The increase of growth factors after rice husk liquid smoke treatment also affected the fibroblast number. As a healing marker, fibroblast was also affected after treatment. The 2- and 7-day rice husk liquid smoke treatments showed a higher number of fibroblasts. The increased number of fibroblasts was due to the decrease in the inflammatory process and the increase in the number of growth factors. The phenolic compound is responsible for this process because it is able to increase the inflammatory cell response and inhibit the production of proinflammatory mediators.[31]
[32]
Another reason for this effect of rice husk liquid smoke is its ability to inhibit Gram-negative and Gram-positive bacteria, such as Porphyromonas gingivalis, in the progression of periodontitis.[1] Phenolic compounds are known to disturb the cytoplasmic membranes of bacteria and cause the intracellular fluids to leak.[33]
[34] Carbonyls inhibit microbial growth by penetrating the cell wall and inactivating enzymes located in the cytoplasm and the cytoplasmic membrane.

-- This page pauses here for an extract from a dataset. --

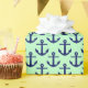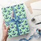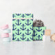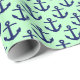 Mint, Navy Blue Anchors Pattern Wrapping Paper
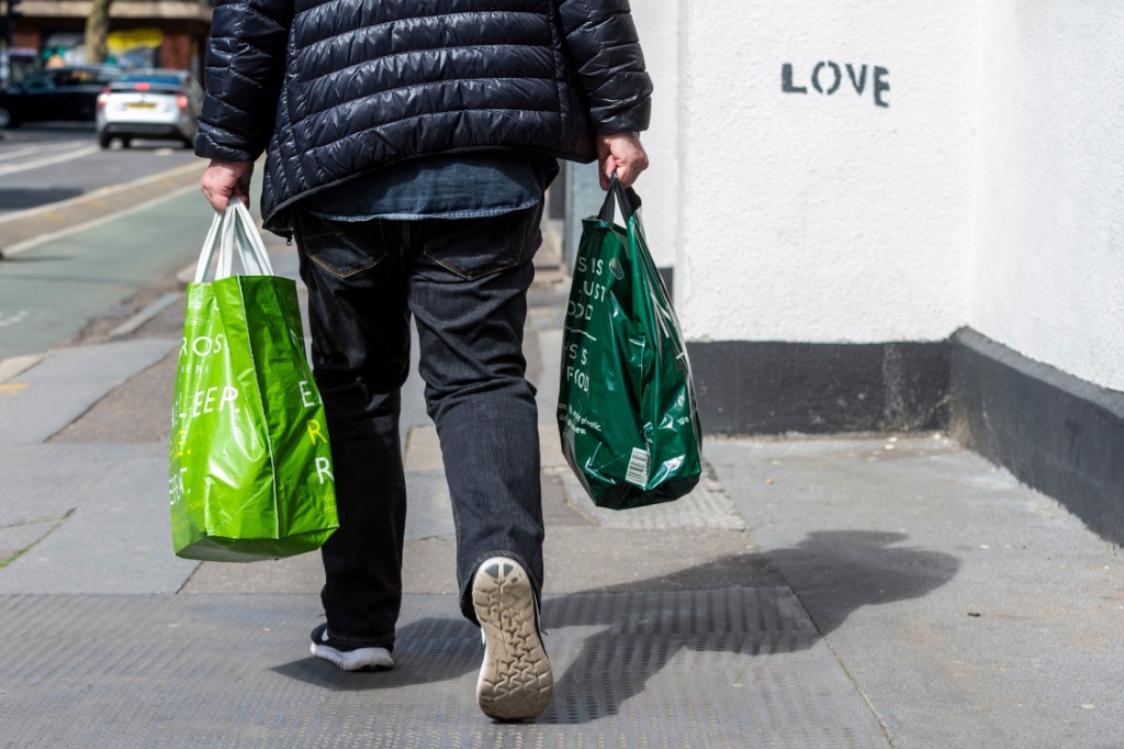 4月13日,在英国伦敦,一名男子手提购物袋走在路上。新华社发(史蒂芬·程摄)

Carbonyls act by condensing the free primary amino groups in the polypeptide chains, primarily in the side chains of basic amino acids. These amino groups may be an essential part of the active site of the enzyme, or they may function as a binder for the substrate by hydrogen bonding.[1]
Conclusion
Rice husk liquid smoke showed its effect on the periodontitis condition by decreasing the inflammatory markers, such as lymphocytes and NF-kB, TNF-α, and IL-6 expressions, and increased the proliferation markers, such as the number of macrophages, fibroblasts, and TGF-β, FGF2, and COL-1 expressions. The use of rice husk liquid smoke is promising in periodontitis treatment.